The Aftermath of the University of Virginia Rape Story

The University of Virginia is suspending all fraternities until Jan. 9 while it investigates allegations made in a recent Rolling Stone article about the school’s sexual assault problem.

“In the intervening period we will assemble groups of students, faculty, alumni, and other concerned parties to discuss our next steps in preventing sexual assault and sexual violence on Grounds,” Teresa A. Sullivan, the university president, wrote in a letter to students. On Tuesday the school’s board of visitors will meet to discuss the university’s sexual assault policies as well as the allegations in the Rolling Stone piece.

The article focuses on Jackie, who was a first-year at UVA when she was brutally raped by seven men at a Phi Kappa Psi fraternity party. After reporting the assault to the school, Jackie said she experienced the same lack of support and unwillingness to hold people accountable from the administration that has become a focal point of the campus sexual assault crisis.

According to the article, Jackie is one of a many students whose accusations weren’t pursued by the university. In the wake of the story, students, faculty, politicians, and now the administration have responded with calls for various policy changes. Here’s a rundown of the responses.

UVA Students

Students and alumni of the university have written in to Rolling Stone to say that Jackie’s experience echoed their own.
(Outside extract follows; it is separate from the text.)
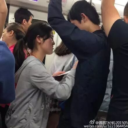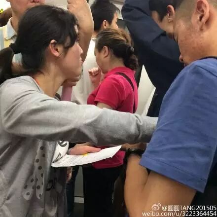 唐女士(圓圓TANG201505)17日發(fā)微博,稱13日上午10點半,她在洪廣站乘2號線去漢口,車上一名女孩走向一名穿T恤的男子,遞上本子不說話,示意他簽字“愛心捐贈”,“T恤男”捐了10元。過了六七分鐘,又來了另一個女孩用同樣的方式乞討?!癟恤男”略有些不耐煩,開始看手機(jī)不理乞討女孩。

On campus students organized a “SlutWalk” on Friday. Second-year student Defne Celikoyr organized the walk after reading the article. “I think we’ve reached the point where people are ready to take steps,” Celikoyar told WTVR. “People are coming together to act up against it. We want to change it. We do not want to live like this anymore.”

The walk ended in front of the Phi Kappa Psi fraternity, which has been vandalized since the article appeared. In an anonymous letter, students claimed responsibility for writing “UVA Center for Rape Studies” and “SUSPEND US!” on the front of the property, and demanded that expulsion become the only acceptable punishment for rape and sexual assault, reported The Cavalier Daily.


“This situation is just beginning,” the letter read. “We will escalate and we will provoke until justice is achieved for the countless victims of rampant sexual violence at this University and around the nation.”

Governor Terry McAuliffe

In a statement released Thursday McAuliffe said he was “deeply disturbed” to read the account, and that he’d asked university officials to “conduct a full review of all their policies and procedures and if decided, to bring in outside experts to assist in this effort.”

In response to that directive the university brought on former federal judge Mark Filip to serve as independent council in UVA’s review. However, Virginia Attorney General Mark Herring announced that Filip would not be on the case because he was once a member of Phi Kappa Psi, the fraternity where Jackie’s assault took place, though at a different chapter.

“This situation is too serious to allow anything to undermine the confidence in the objectiveness and independence of this review,” Herring said in a statement.

Phi Kappa Psi

The UVA chapter of the fraternity released a statement Thursday announcing that it was suspending all activity during the investigation. “We remain ready and willing to assist with the fair and swift pursuit of justice, wherever that may lead, and steadfast in our resolve to ensure that nothing like this can happen, ever on our Grounds,” the statement read. 

Virginia Senator Mark Warner 

Warner also released a statement Thursday, calling the account horrific, urging an investigation, and promoting his work a bill that would, he argued, improve reporting and transparency at universities. 

Since introducing this legislation, I have traveled the Commonwealth and met with numerous college and university officials to discuss the issue and press for real reforms. Across the Commonwealth and across the country, we must end a culture that tolerates campus sexual assault.

Virginia Senator Tim Kaine

Kaine released a similar statement on Friday. 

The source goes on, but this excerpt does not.